Lori Petty talked about Jennifer Lawrence

I saw your 2008 directorial debut, The Poker House, and people don’t really give you enough credit for “discovering” Jennifer Lawrence, since that was her first film credit. No shit! You can quote me on that. No shit. I cast her in her first film. Look, she deserves one hundred percent of her success, period. In addition to that, I think I passed along 25 years of experience of being an actress to her. But she’s amazing and the camera loves her, and that’s why I cast her. It’s like when I first saw Leo DiCaprio in This Boy’s Life. We were editing A League of Their Own and De Niro and them were editing This Boy’s Life next door. Me and Penny [Marshall] were inseparable because I wanted to absorb everything she was doing, so I’d go to post-production with her. So De Niro comes in and goes, “You’ve got to see this kid.” So we went into the room and saw some unedited scenes with DiCaprio and both went, “There’s another movie star.” That’s what happened with Jennifer. And Chloe Moretz is in The Poker House, too! She’s going to be around forever and ever. I wrote her half-page monologues, and she’d just knock them out of the park. It was a small budget, under $1.5 million, and she was doing like eight pages a day. I went up to her mom and said, “What do we do after lunch? I don’t want her to crash!” and she went, “Oh no, she’s fine. This is what she does.” She’s remarkable, that kid.

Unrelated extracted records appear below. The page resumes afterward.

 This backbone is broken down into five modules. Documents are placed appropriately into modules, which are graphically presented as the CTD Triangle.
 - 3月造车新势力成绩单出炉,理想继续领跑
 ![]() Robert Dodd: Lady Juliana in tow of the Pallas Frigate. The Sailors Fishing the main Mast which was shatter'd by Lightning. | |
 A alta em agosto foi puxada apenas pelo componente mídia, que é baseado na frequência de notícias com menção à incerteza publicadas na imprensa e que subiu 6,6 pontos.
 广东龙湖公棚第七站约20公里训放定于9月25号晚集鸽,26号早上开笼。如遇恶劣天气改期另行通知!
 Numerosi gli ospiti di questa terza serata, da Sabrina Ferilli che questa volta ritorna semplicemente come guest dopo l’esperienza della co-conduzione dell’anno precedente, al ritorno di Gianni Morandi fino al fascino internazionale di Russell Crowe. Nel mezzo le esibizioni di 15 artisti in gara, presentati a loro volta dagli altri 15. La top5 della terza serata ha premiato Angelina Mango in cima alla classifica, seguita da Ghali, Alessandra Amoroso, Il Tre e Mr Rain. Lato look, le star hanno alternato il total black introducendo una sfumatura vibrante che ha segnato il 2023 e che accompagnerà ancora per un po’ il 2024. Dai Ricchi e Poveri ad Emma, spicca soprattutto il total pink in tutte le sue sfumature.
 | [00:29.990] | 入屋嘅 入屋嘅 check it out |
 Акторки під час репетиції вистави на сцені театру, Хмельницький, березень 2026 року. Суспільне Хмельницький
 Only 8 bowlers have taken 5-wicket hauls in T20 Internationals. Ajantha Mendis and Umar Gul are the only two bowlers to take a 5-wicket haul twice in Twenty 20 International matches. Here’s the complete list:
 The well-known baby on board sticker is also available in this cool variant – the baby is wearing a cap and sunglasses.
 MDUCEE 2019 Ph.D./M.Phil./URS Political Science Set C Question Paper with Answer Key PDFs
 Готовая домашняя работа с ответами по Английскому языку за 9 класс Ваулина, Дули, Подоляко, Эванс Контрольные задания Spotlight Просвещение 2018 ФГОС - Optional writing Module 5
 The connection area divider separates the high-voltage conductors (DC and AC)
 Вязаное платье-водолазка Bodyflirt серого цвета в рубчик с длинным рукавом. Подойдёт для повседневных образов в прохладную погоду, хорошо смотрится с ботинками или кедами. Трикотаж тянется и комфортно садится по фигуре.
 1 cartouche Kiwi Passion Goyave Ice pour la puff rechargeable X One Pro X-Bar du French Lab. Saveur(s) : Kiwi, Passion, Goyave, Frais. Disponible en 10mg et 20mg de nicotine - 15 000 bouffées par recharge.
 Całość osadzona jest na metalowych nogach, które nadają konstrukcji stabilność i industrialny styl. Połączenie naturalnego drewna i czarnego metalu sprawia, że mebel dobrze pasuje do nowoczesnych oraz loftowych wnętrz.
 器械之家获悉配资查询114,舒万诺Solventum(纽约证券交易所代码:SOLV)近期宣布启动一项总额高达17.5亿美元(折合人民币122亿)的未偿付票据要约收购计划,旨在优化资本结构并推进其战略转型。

Where did you find Jennifer? I’ve lived in Venice since Point Break in ’91, and Mary Vernieu lives in Venice, so she cast The Poker House as a favor to me, and she’s brilliant and casts every good movie. So, I’m in Chicago and we’d already cast Selma Blair as the mom, and Selma is five feet tall and weights 90 pounds. Mary sends me these tapes of these girls and goes, “This girl Jennifer Lawrence is a star. You have to watch this tape.” But it said she was 5’9” on her resume, and I said, “I can’t fit them both in the frame! How am I supposed to have the mom be 5’ and the daughter be 5’9”?” But she said, “Just watch the tape.” So I watched the tape and was like, “Okay, great, that’s another movie star.” When I flew back to L.A., I put Jennifer, Chloe, and Sophi [Bairley], who plays the middle daughter, read together, and afterwards I said, “Do you want to be in a movie?” And they said, “Of course, that’s why we’re here.” And I said, “No, do you want to be in this movie?” And they said, “Yes, of course we do, that’s why we’re here.” And I said, “No, I’m offering you the part, do you want to be in this movie?” And they started jumping up and down and screaming. I did that because I hated auditioning for a part and then waiting five days for your agent to tell you that you got it.
And Jennifer Lawrence’s father pops up in the film, too, as the basketball coach. I forgot about that! He’s the basketball coach, yes. He was just hanging around. It was super low-budget and I had no producers looking over my shoulder. Steve Cannell, god rest his soul, just wrote a check and it was handled through his production company, so we were just humpin’ and making a movie. So I don’t know whose idea it was.